The first annual cRaggy graphics show-and-tell will be an informal event held during CascadiaRConf. Everyone can participate by submitting an entry (as a group or individually), by upvoting entries that you like during the day, and by listening to the 3 lightning talks about the most popular entries at the end of the day.
Everybody gets a look at one dataset (details below), announced on Friday May 18th (about 2 weeks before the conference) on the conference website and in an email sent to everyone who’s pre-registered. The dataset is not mtcars or one of the usual suspects! It is public and easy-to-get-to, but relatively obscure and fun to play with.
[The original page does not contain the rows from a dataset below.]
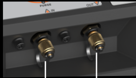
3/8" Inlet Port 1/4" Outlet Port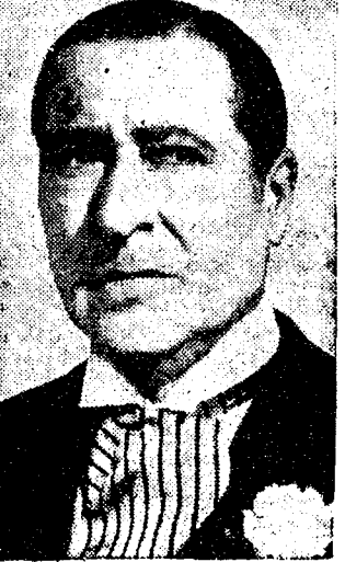
ARTHUR TREACHER WIBA at 7:30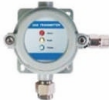
Gas Leakage Detector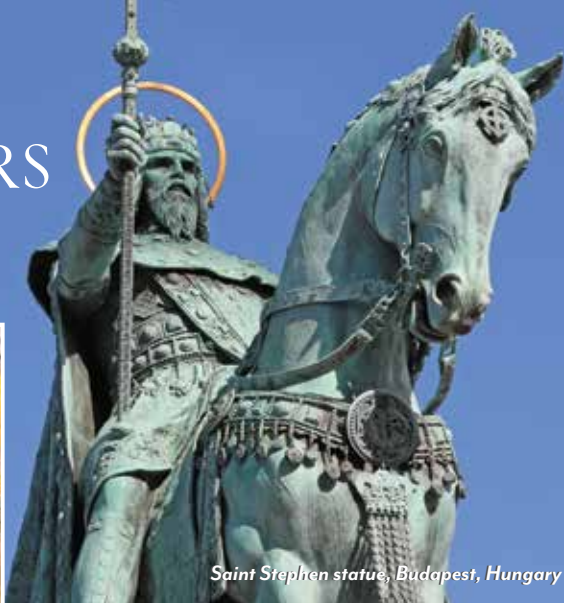
Saint Stephen statue, Budapest, Hungary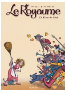
La Reine du balai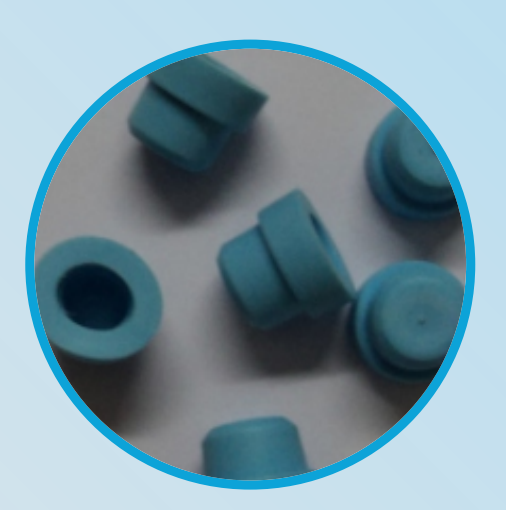
14 mm Rubber Stoppers for Blood Collection Tube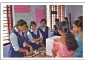
Stills of TechVibes Project Expo held on 11th October, 2017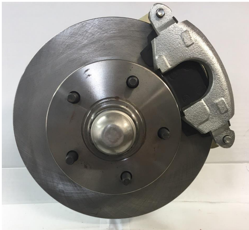
← Front of Car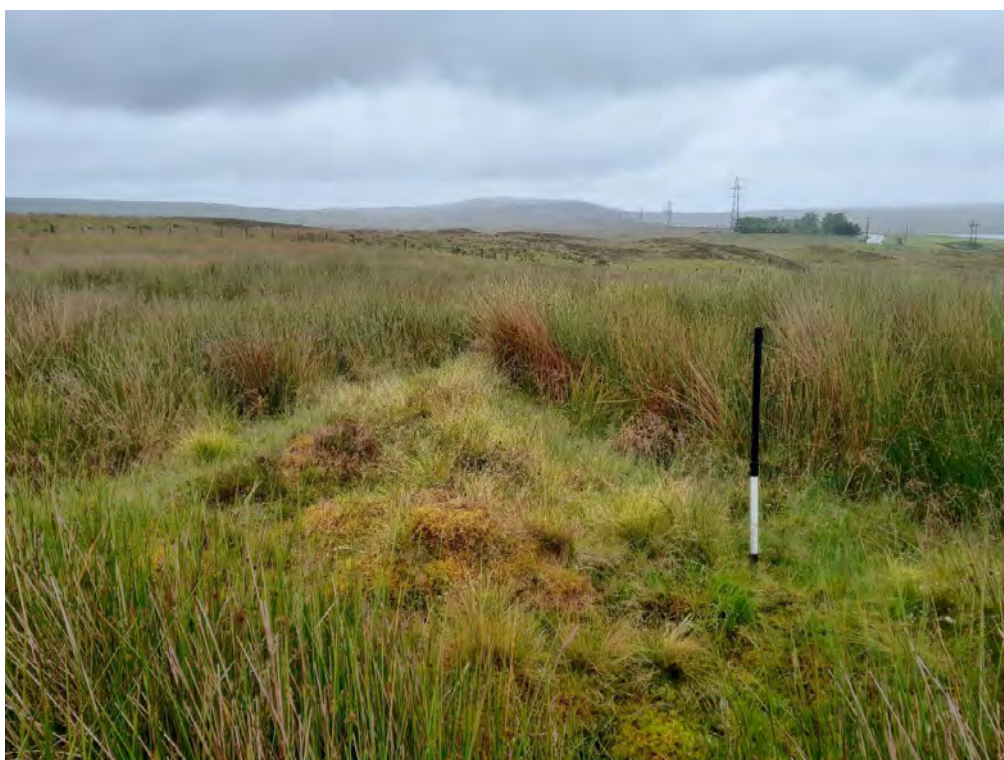
Plate 50: Hut circle (Asset 670), facing southeast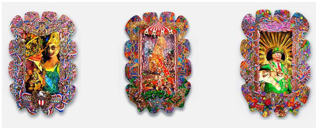
Federico Solmi, "The Drunken Boat; The Golden Gift; The Idolized Detractors," 2019, acrylic paint and gold leaf on Plexiglas, LED screen, video loop, 69 x 44 3/4 x 3 3/4" each

powerful elite from diverse historical moments. All are dressed to the nines in emblematic regalia as they indulge in drunken gluttony or frolic fully clothed in the pool at a Roman spa. At various moments they can be seen flailing their arms, applauding, and immersing themselves in gushing waterfalls. All the while they are accompanied by an orchestra that opens the drama and plays throughout its entirety. With everything shot from the vantage point of a person operating a video game, we view the performance from multiple perspectives, including up close and overhead. History buffs will particularly enjoy perusing the cast of characters, which includes Ramses II, Julius Caesar, Alexander the Great, Empress Theodora, Napoleon, Christopher Columbus, George Washington, Idi Amin, Pope Benedict XVI and other historical or recent power figures. To stress that the depicted debauchery continues to the present day, Solmi includes some contemporary references, such as sunglasses and a Jeff Koons "Balloon Dog."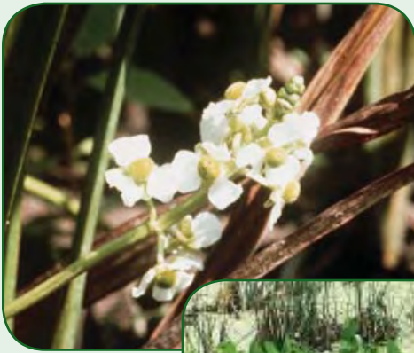
Delta Arrowhead Sagittaria platyphylla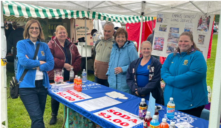
Emmaus Lioness Lions volunteering at the Rotary Summer Fest.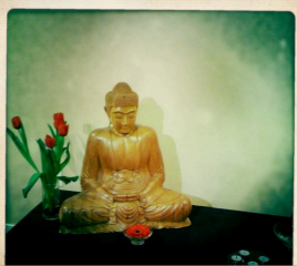
our team & centre!

Hi, I'm Dhammarati, Chair of the Seattle Buddhist Center. This is an example of a blurb post : it might need its own content type, I suppose and be length-limited to fit. Picture? The home page for Projects would feature just this and should be posted by the Chair. It's simple and uncomplicated. Users would have three main ways to connect - by following on our site (so you get posts from the project in your 'my sangha' feed), via the project's own site and by viewing the project's own program. I'd like to see the latter published as a pdf, preferably embedded from Issuu so it opens in full-screen immediately. Later programs might become interactive content types (calendar-like, bookable events, etc.).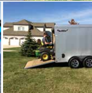
Cargo & Utility Trailers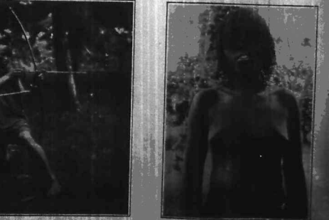
A PARTY OF WANDERBO, THE FIRST NATIVE HUNTERS OF EAST AFRICA.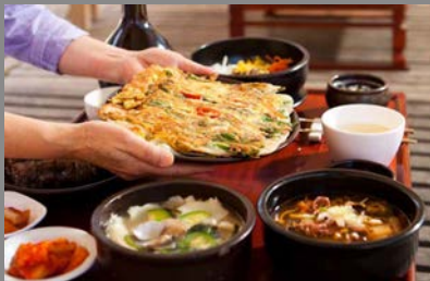
Korean home style food served at the Bazaar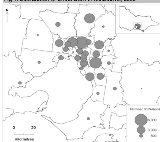
Fig 1: Distribution of China-Born in Melbourne, 2006

1 Respondents had the option of nominating several ancestries, but only the first two responses were processed in the Census.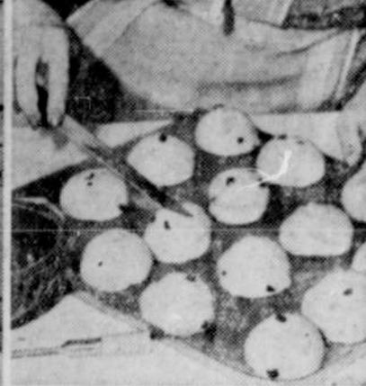
Brush rolls with remaining eggs well beaten. With sharp knife, cut cross in top of each bun. Then let buns rise until light. Bake in moderately hot oven (about 400 degrees) for 15 to 20 minutes.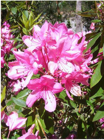
Glenn (named after the Dog)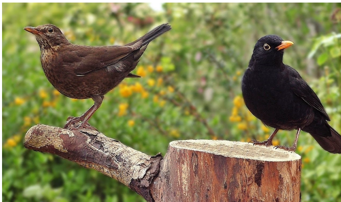
The male blackbird on the right, has a bright yellow beak while the female on the left is brown with speckling on the feathers, especially on the chest.

Then there are the sparrows. Brown birds are notoriously tricky to identify as there are lots of different ones, but if you know some of the key characteristics, the job of identifying them will be much easier. The most common sparrow in gardens is the house sparrow, but here again, male and female birds are different, just to confuse the novice ornithologist. Look at the photos below and familiarise yourself with the differences between males and females of these species.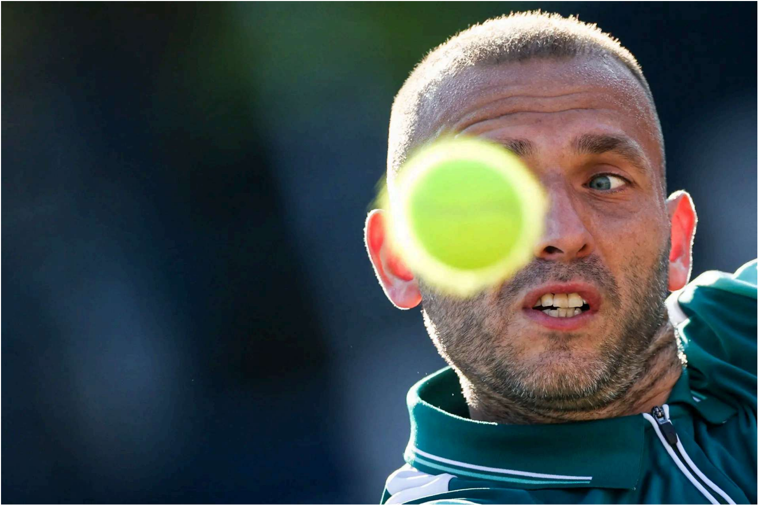
Britain's Daniel Evans eyes the ball as he plays a backhand return to Brandon Nakashima of the U.S. during their men's singles round of 16 tennis match at the HSBC ATP tennis Championships at Queen's Club in west London, on June 18, 2025.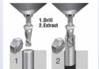
Product No. 7017P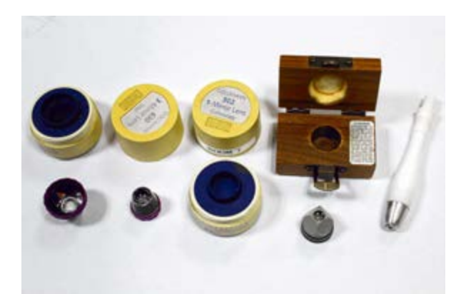
The GonioPEN (right) compared with a traditional glass gonioscope, which is pressed against a patient's eyeball and is linked to a microscope, into which a doctor peers.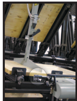
CLAMP TIGHTENER AND PANEL FLATTENER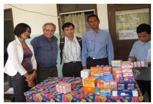
Donated medicine for Pha-Udom district hospital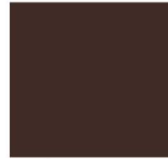
MARRÓN OSCURO 369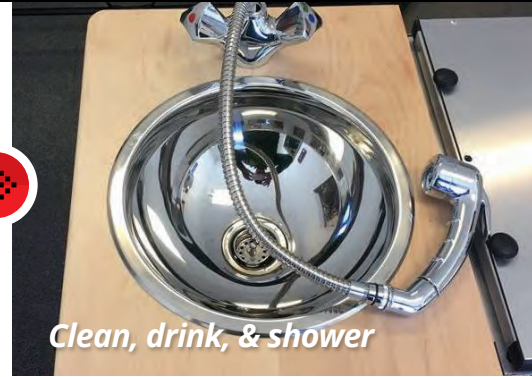
Clean, drink, & shower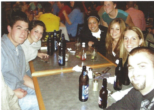
Trivia Maryland Team Suburbia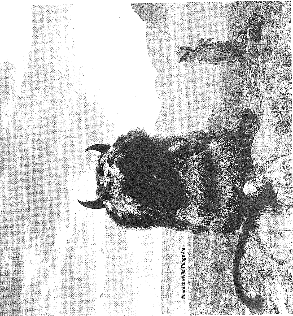
Where the Wild Things Are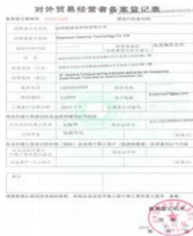
Export Experience Rights Record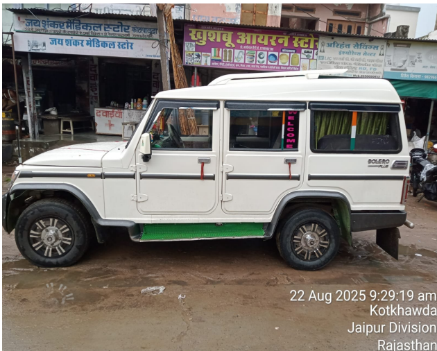
22 Aug 2025 9:29:19 am Kotkhawda Jaipur Division Rajasthan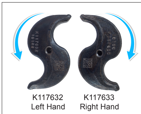
Figure 2 – Left and Right Hand Camshafts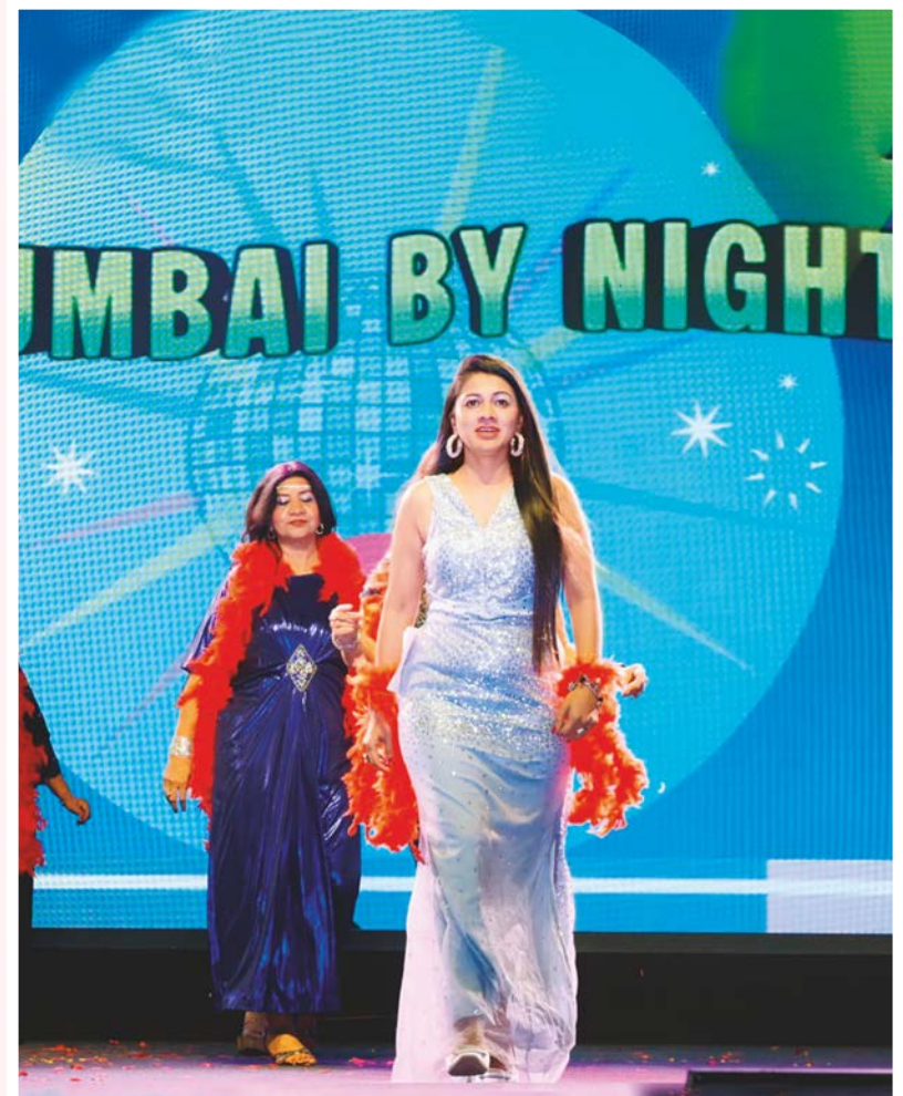
HERITAGE IN HIGH DEFINITION : From the boardroom to the spotlight, bringing unstoppable energy to the stage where heritage meets the hustle.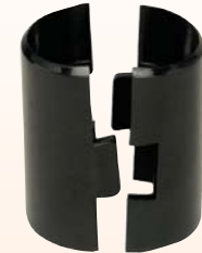
WR-SSCO Plastic Conductive Split Sleeve Sold as a pack of 4 pairs.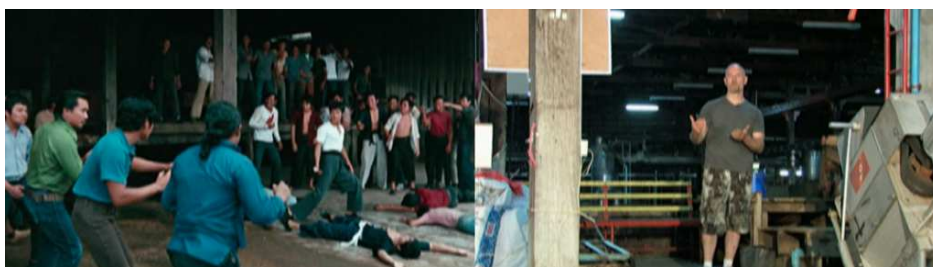
The wooden beam in the center of the ice factory still stands.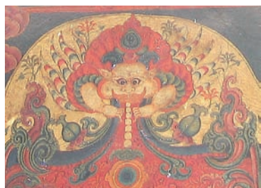
30. Detail of the torāṇa ( kīrttimukha ) above teacher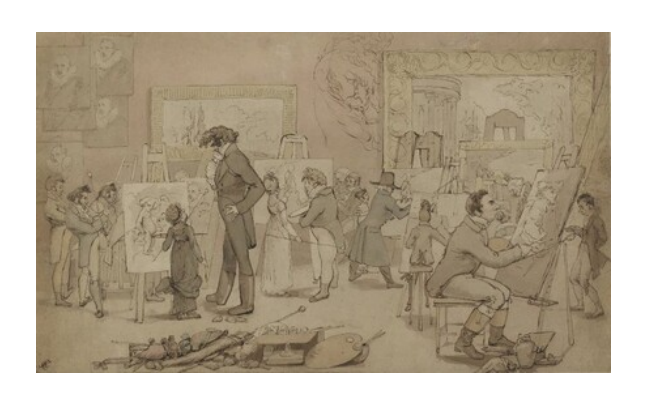
fig. 3 Alfred Edward Chalon, Study at the British Institution , 1806, pen and ink and wash, British Museum, London.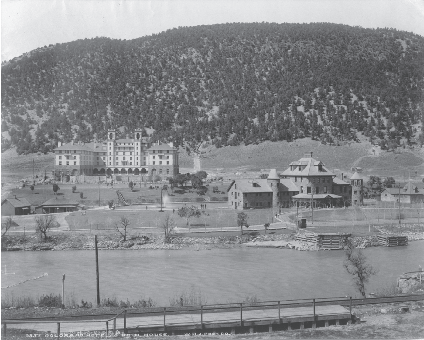
FIGURE 2.1. Railroads eagerly courted invalids, promising them health and rejuvenation in fine resorts throughout the West. While people debated whether the West's climate would be beneficial to Anglo-Americans generally, there was little debate about the vivifying effects of the West's climate on tuberculosis patients and others with debilitating ailments. View of the "Colorado" Hotel and hot springs bathhouse built by the Denver and Rio Grande Western Railway in Glenwood Springs.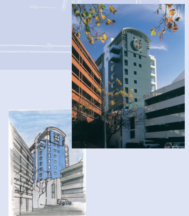
Architect: Warren & Mahoney

Our internationally recognised quality systems and ISO 9001 accreditation allow us to guarantee our products for consistency and performance, so Resene quality is assured - every step of the way.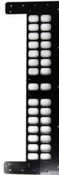
Upper Left Panel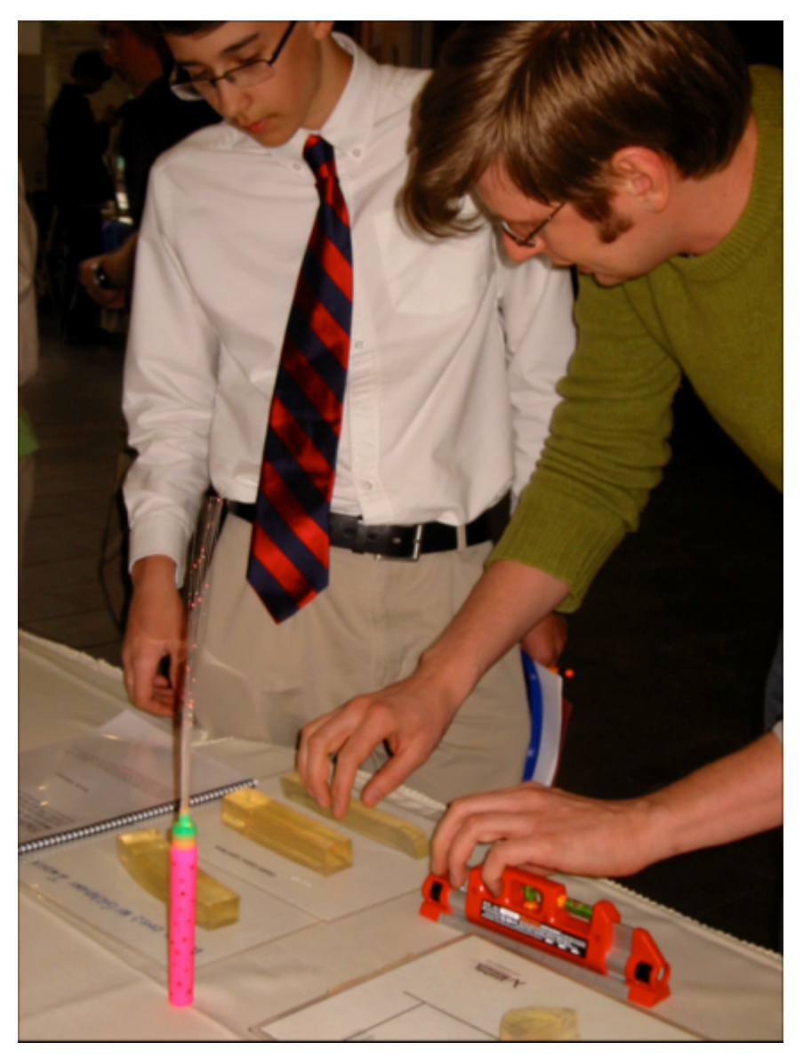
Figure 4 Co-author demonstrating Total Internal Reflection in Gelatin Lightpipe

As mentioned before, we now place gelatin between the polarizers. Placing a rubber band around a block of gelatin provides the stress needed to show the birefringence. The gelatin and also be pushed and squeezed showing the birefringence affects.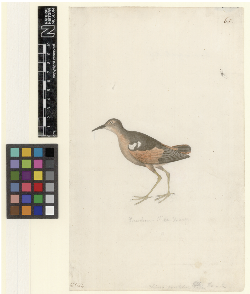
Figure 2. Moorea Sandpiper Prosobonia ellisi , Moorea, August–December 1777; the claws are not coloured, indicating that the illustration was unfinished, and the annotation Prosobonia ellisi was added by Sawyer (Sawyer 1949) (William Wade Ellis, © Natural History Museum, London)

ten points: bill shape and thickness, ear patch colour, throat colour, tibia feathering, tail pattern, wing-coverts pattern, tail and wing lengths, and leg and underparts colorations. The Webber illustration differs in having a supercilium (absent in Ellis'), only a single patch of white on the wing-coverts (not two), and differently patterned median and greater coverts. The rump is ferruginous, but the same feature is present on the surviving specimen (Jansen et al. 2021).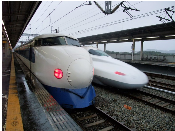
Shinkansen 0 series with Nozomi passing. Photo Wikipedia Commons.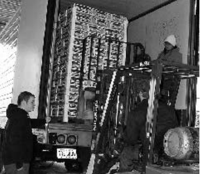
Former Vantage Ag students prepare to unload some of the fruit they sold in this picture from 2013.

Vantage FFA says, "It's time to order your fresh fruit from the Florida Fruit Association of Vero Beach, Florida." This fruit event is underway now and ends on Friday, November 6. The Vantage FFA coordinates this school-wide event. Money earned is used by students who compete in regional, state and national competitions, as well as for community service projects, field trips and banquets. This year, the following fruit is available: Navel oranges, full and half case; Hamlins, full and half case; Red Grapefruit, full and half case; Tangelos, full and half case. Also available is a mixed fruit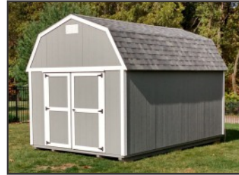
Includes two lofts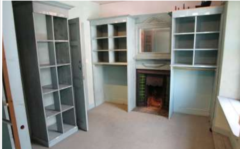
First floor sales area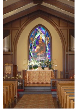
May 2022 Volume 26, Issue 4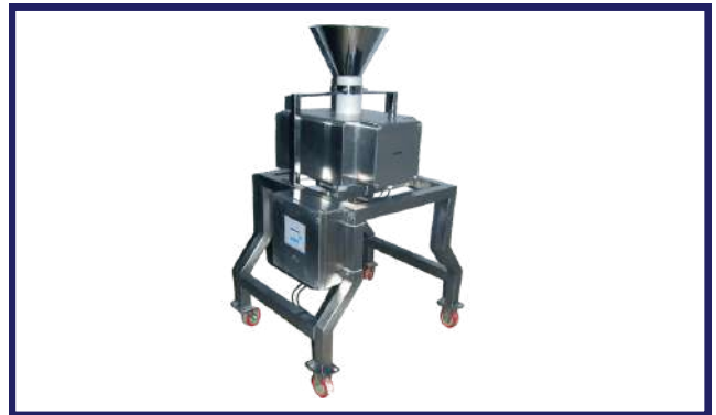
GRAVITY FEED METAL DETECTION SYSTEM FOR DRY POWDER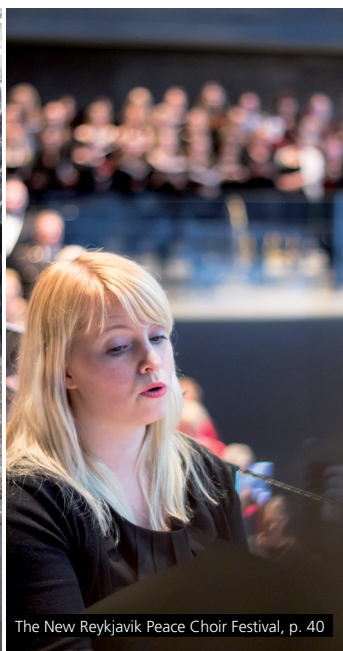
The New Reykjavik Peace Choir Festival, p. 40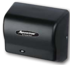
Steel Black Graphite

On June 2, conference attendees post an entry by 9 am (look for the signs for location in the main meeting room), which consists of:
- One graph printed on 8 1/2” * 11” paper that explores the cRaggy dataset (which you can subset or augment with other data if you’d like)
- A URL pointing to the code that produced your graph (preferably on GitHub)
- Share your code in a print-out (or project it during a possible lighting talk)
- Contact info so you can be notified during the conference that you are invited to do a lighting talk
Entries will be posted so everyone can see, comment, and vote with a green cRaggy dot that you get at registration. Remember (lifted from TidyTuesday guidelines):
- This is for fun
- It is NOT about criticizing the original article or graph. Real people made the graphs, collected or acquired the data! Focus on the provided dataset, learning, and improving your techniques in R.
- It is NOT about criticizing or tearing down your fellow #rstats practitioners! Be supportive and kind to each other! Like other’s entries if you want to hear more from them!
Votes will be counted after the cutoff at 2 pm, 3 speakers will be notified immediately, and lightning talks will be around 4:30 pm. Each lighting talk will be about 5 minutes, plus time to connect your computer to the projection screen.
The BIKETOWN dataset is described here: https://www.biketownpdx.com/system-data
Download it here: https://s3.amazonaws.com/biketown-tripdata-public/BiketownPublicTripData201804.zip
Here is a minimal example: https://github.com/smithjd/cRaggy-example/blob/master/minimal-cRaggy.R
This is a social data project in R - along the lines of Tidy Tuesday exercises
Hack room
A good portion of the day will be taken up with workshops. You do not have to attend a workshop. If you don't one of the two big rooms (3A001) will be set aside for a socializing, discussing, coding and learning together.
There's no format per se for the hack room. Feel free to get discussions going on a topic you're interested in, or learn some new package together.
Birds of Feather Dinners
- Job seekers
- Data Viz
- Beginners
- Biology/environment
- Public health
Join the #bof-dinners
Slack channel to chat with fellow conference attendees about BOF's
The topics above were found to be some of the most requested BOF ideas - you're of course free to gather around any other topic!